* THE PROBLEM *
Quote the listing below in its entirety, omitting every image.

TASK DATA Block Start

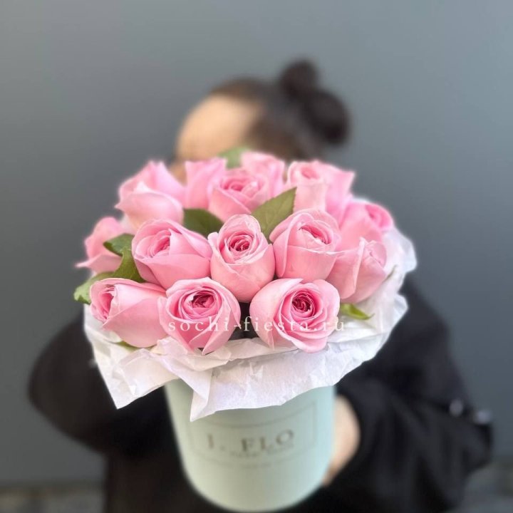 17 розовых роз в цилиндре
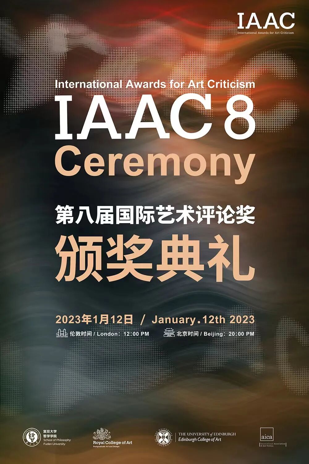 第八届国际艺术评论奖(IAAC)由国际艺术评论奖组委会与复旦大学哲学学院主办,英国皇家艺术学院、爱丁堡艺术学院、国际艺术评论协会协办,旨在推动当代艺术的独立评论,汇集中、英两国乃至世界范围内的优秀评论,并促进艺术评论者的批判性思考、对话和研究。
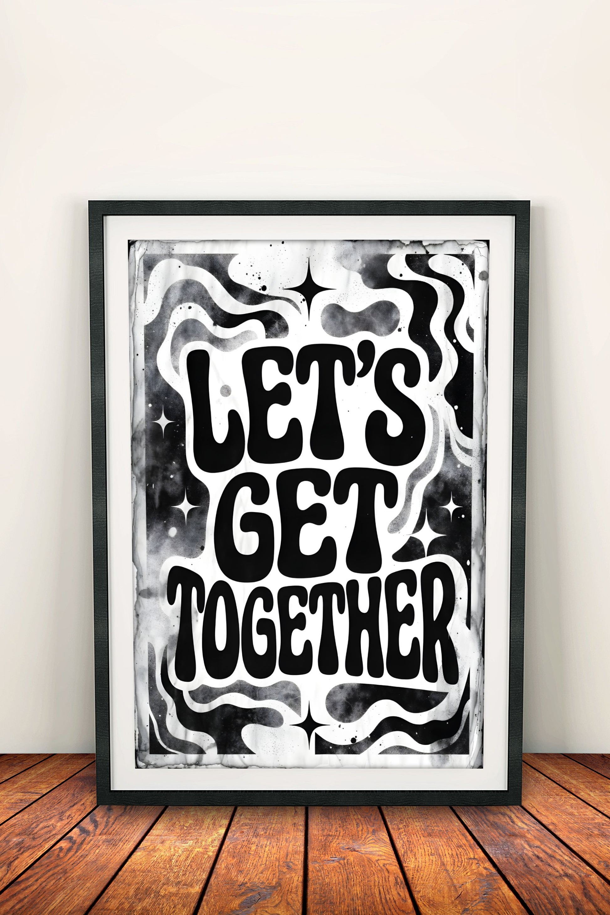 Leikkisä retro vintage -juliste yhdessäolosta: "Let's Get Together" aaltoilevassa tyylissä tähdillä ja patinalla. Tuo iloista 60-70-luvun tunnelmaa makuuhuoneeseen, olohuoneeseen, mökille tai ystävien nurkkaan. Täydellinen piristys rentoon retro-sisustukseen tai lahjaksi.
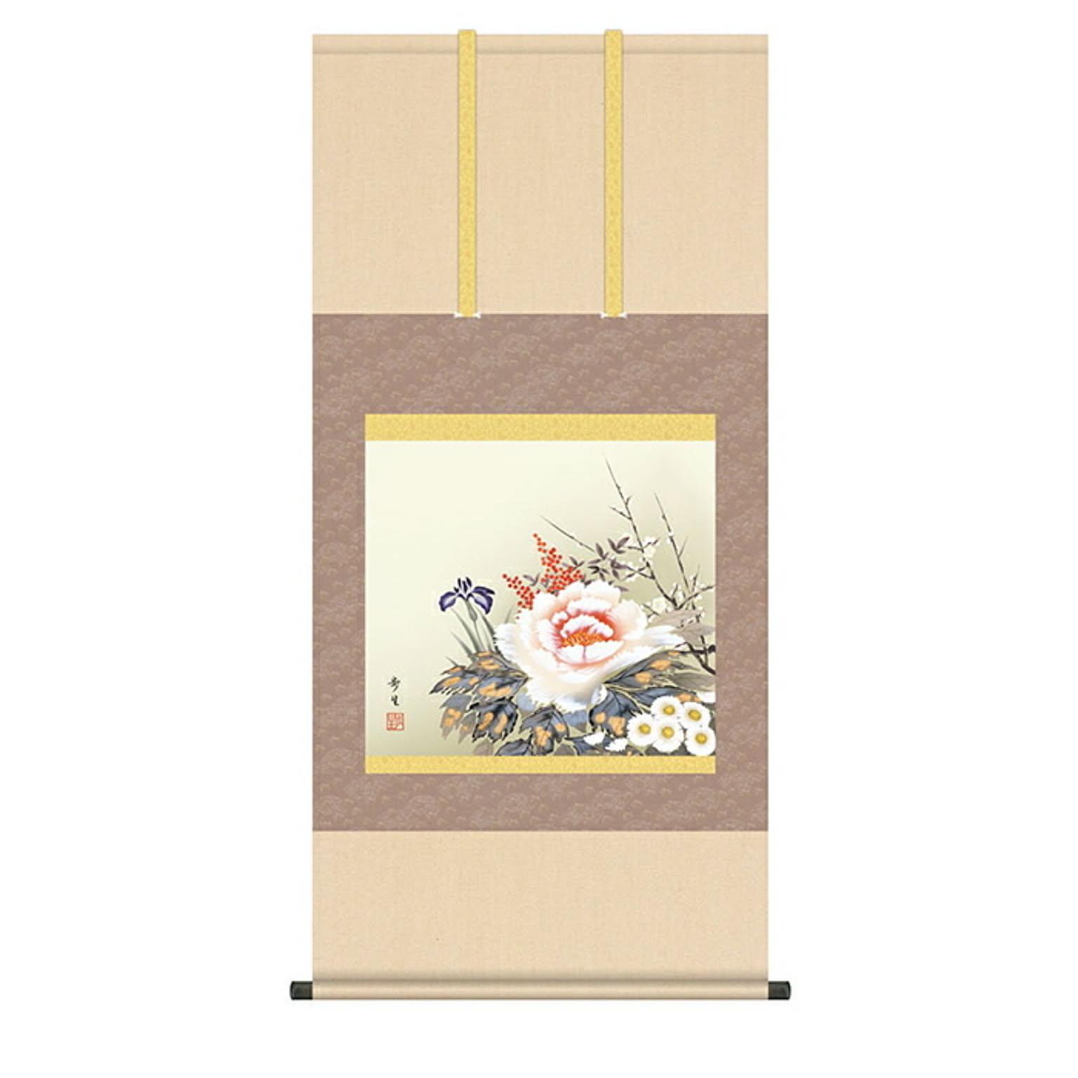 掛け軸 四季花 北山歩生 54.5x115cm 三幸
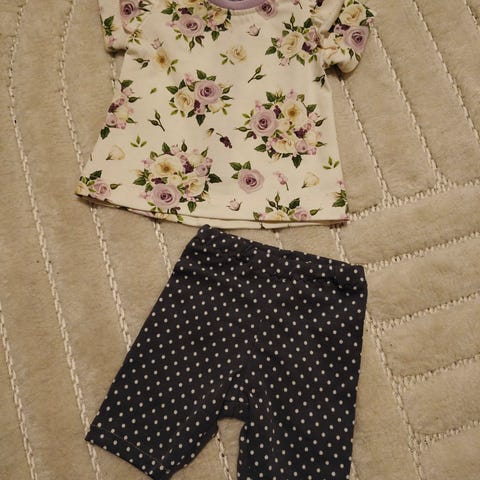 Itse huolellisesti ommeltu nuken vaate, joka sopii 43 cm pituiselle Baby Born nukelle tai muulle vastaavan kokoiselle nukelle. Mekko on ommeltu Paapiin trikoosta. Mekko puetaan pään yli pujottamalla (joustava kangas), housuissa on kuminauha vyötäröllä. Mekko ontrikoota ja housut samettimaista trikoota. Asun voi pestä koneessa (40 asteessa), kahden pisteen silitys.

TASK DATA Block End

* EXERCISE RESULT *
 17 розовых роз в цилиндре
 第八届国际艺术评论奖(IAAC)由国际艺术评论奖组委会与复旦大学哲学学院主办,英国皇家艺术学院、爱丁堡艺术学院、国际艺术评论协会协办,旨在推动当代艺术的独立评论,汇集中、英两国乃至世界范围内的优秀评论,并促进艺术评论者的批判性思考、对话和研究。
 Leikkisä retro vintage -juliste yhdessäolosta: "Let's Get Together" aaltoilevassa tyylissä tähdillä ja patinalla. Tuo iloista 60-70-luvun tunnelmaa makuuhuoneeseen, olohuoneeseen, mökille tai ystävien nurkkaan. Täydellinen piristys rentoon retro-sisustukseen tai lahjaksi.
 掛け軸 四季花 北山歩生 54.5x115cm 三幸
 Itse huolellisesti ommeltu nuken vaate, joka sopii 43 cm pituiselle Baby Born nukelle tai muulle vastaavan kokoiselle nukelle. Mekko on ommeltu Paapiin trikoosta. Mekko puetaan pään yli pujottamalla (joustava kangas), housuissa on kuminauha vyötäröllä. Mekko ontrikoota ja housut samettimaista trikoota. Asun voi pestä koneessa (40 asteessa), kahden pisteen silitys.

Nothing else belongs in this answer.